## [What to do]
In the listing below, which lines contain the string "print"? Copy them all.

## [Records for this exercise]
:::::

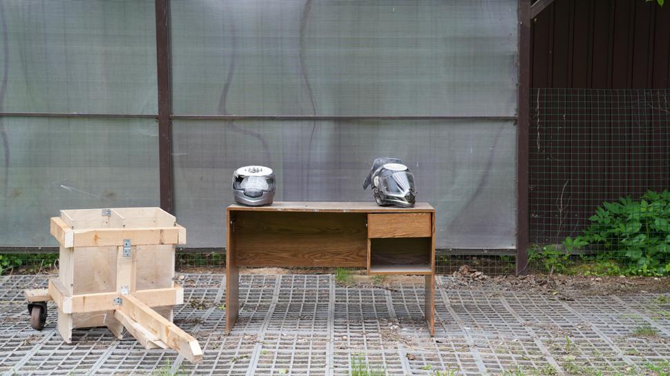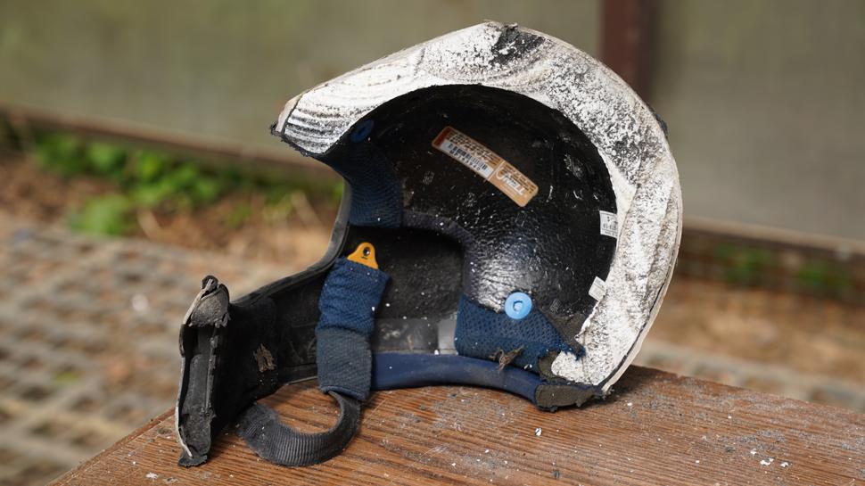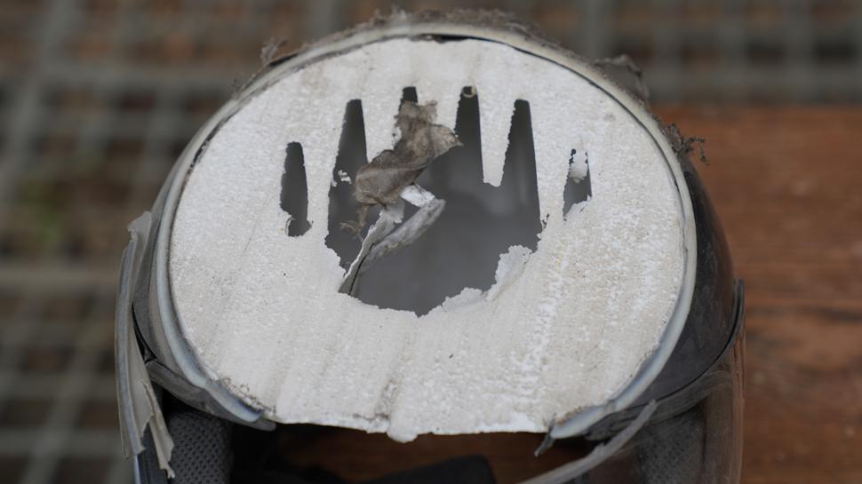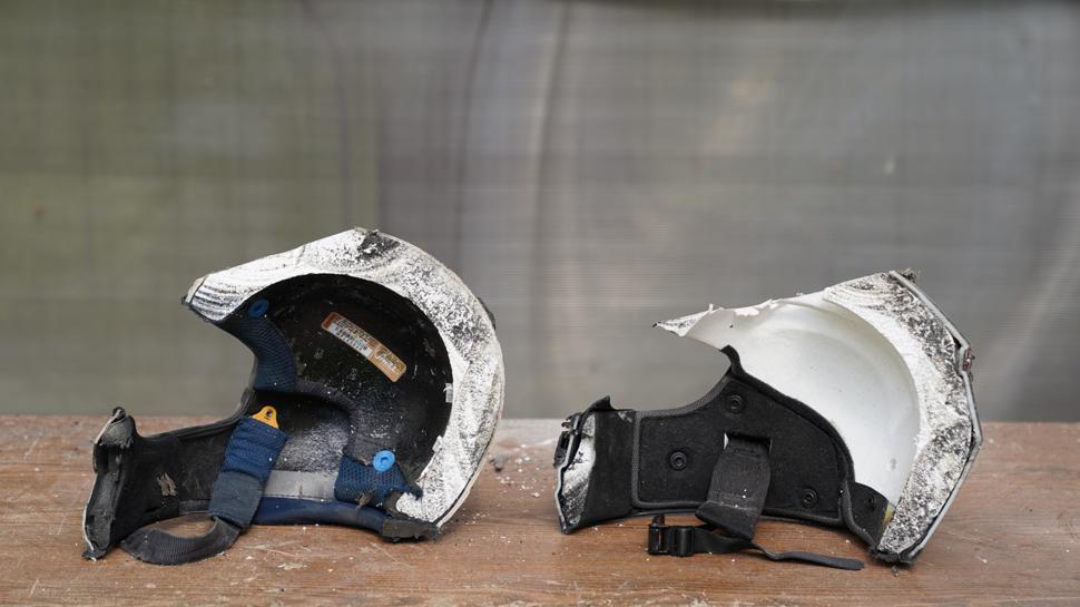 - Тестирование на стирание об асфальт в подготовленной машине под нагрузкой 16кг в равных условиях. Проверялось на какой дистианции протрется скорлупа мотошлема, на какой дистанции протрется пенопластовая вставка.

:::::

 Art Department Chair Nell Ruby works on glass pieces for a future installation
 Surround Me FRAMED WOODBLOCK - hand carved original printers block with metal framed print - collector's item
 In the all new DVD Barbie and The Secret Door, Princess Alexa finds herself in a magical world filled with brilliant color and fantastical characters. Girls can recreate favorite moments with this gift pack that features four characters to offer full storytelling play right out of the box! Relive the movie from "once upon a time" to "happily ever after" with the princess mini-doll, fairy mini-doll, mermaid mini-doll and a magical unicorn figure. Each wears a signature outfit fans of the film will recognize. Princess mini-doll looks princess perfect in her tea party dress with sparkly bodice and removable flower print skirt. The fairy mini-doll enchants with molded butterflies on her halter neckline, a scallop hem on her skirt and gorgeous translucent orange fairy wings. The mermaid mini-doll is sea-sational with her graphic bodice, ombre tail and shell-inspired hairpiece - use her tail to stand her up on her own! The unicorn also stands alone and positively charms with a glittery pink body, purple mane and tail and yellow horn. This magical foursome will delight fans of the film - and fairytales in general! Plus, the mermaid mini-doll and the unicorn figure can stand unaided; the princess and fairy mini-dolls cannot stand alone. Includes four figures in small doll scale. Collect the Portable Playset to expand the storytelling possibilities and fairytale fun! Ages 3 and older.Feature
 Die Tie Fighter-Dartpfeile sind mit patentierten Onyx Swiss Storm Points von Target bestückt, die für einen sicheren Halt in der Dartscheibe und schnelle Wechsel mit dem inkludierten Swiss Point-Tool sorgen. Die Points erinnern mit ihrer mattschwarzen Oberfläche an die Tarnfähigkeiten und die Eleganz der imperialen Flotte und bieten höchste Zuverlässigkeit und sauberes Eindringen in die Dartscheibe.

:::::

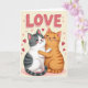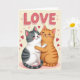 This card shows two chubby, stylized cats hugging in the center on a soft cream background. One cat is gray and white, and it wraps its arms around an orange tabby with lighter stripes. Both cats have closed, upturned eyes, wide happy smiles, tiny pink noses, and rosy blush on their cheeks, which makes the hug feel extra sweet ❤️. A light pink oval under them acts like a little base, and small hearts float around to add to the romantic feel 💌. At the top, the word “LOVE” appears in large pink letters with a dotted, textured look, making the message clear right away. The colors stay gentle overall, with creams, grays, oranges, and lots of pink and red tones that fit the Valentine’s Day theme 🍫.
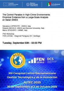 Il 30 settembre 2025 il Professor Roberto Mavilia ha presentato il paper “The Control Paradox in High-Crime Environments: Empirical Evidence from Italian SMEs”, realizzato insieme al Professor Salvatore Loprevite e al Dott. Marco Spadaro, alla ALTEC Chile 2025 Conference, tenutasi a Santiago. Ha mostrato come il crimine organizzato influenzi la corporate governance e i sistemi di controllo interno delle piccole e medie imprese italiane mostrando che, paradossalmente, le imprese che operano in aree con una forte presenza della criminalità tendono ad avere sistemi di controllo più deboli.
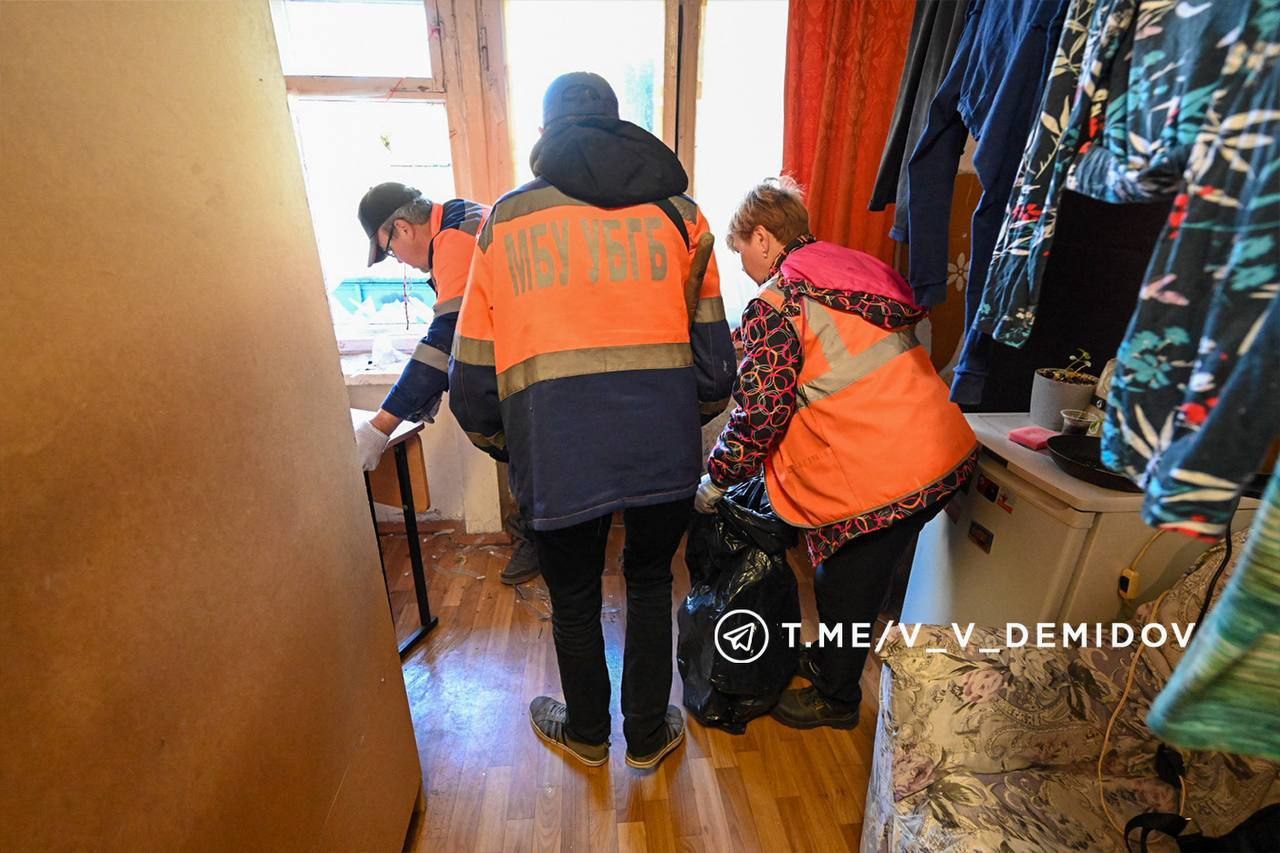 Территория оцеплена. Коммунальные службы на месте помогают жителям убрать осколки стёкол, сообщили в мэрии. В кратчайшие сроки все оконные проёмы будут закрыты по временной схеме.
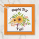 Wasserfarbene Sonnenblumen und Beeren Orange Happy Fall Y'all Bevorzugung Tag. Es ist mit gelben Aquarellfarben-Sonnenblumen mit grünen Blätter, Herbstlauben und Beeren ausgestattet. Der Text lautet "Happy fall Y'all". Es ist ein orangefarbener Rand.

:::::

## [Solution for this exercise]
 Surround Me FRAMED WOODBLOCK - hand carved original printers block with metal framed print - collector's item
 In the all new DVD Barbie and The Secret Door, Princess Alexa finds herself in a magical world filled with brilliant color and fantastical characters. Girls can recreate favorite moments with this gift pack that features four characters to offer full storytelling play right out of the box! Relive the movie from "once upon a time" to "happily ever after" with the princess mini-doll, fairy mini-doll, mermaid mini-doll and a magical unicorn figure. Each wears a signature outfit fans of the film will recognize. Princess mini-doll looks princess perfect in her tea party dress with sparkly bodice and removable flower print skirt. The fairy mini-doll enchants with molded butterflies on her halter neckline, a scallop hem on her skirt and gorgeous translucent orange fairy wings. The mermaid mini-doll is sea-sational with her graphic bodice, ombre tail and shell-inspired hairpiece - use her tail to stand her up on her own! The unicorn also stands alone and positively charms with a glittery pink body, purple mane and tail and yellow horn. This magical foursome will delight fans of the film - and fairytales in general! Plus, the mermaid mini-doll and the unicorn figure can stand unaided; the princess and fairy mini-dolls cannot stand alone. Includes four figures in small doll scale. Collect the Portable Playset to expand the storytelling possibilities and fairytale fun! Ages 3 and older.Feature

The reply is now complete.